▶ Task material
--------------------------------
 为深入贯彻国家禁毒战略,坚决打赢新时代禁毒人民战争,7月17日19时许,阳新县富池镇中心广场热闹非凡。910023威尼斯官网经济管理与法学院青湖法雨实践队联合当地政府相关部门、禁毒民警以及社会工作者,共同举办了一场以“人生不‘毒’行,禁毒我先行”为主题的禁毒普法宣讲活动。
--------------------------------
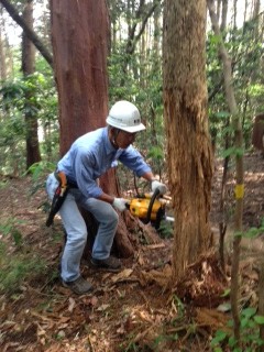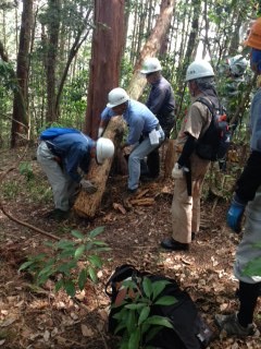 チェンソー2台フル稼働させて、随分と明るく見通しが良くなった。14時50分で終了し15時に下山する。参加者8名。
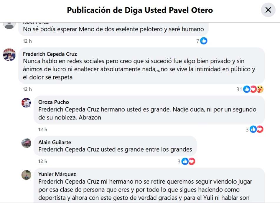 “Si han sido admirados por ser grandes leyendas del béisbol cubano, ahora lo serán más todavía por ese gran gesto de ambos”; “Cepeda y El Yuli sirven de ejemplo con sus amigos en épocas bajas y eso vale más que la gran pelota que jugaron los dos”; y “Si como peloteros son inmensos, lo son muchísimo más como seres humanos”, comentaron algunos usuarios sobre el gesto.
--------------------------------
▶ Your goal
Copy nothing but the lines above that run from the one with "チェンソー2台フル稼働させて" to the one with "sobre el gesto.", ends included; pictures stay out.

▶ Exercise output
 チェンソー2台フル稼働させて、随分と明るく見通しが良くなった。14時50分で終了し15時に下山する。参加者8名。
 “Si han sido admirados por ser grandes leyendas del béisbol cubano, ahora lo serán más todavía por ese gran gesto de ambos”; “Cepeda y El Yuli sirven de ejemplo con sus amigos en épocas bajas y eso vale más que la gran pelota que jugaron los dos”; y “Si como peloteros son inmensos, lo son muchísimo más como seres humanos”, comentaron algunos usuarios sobre el gesto.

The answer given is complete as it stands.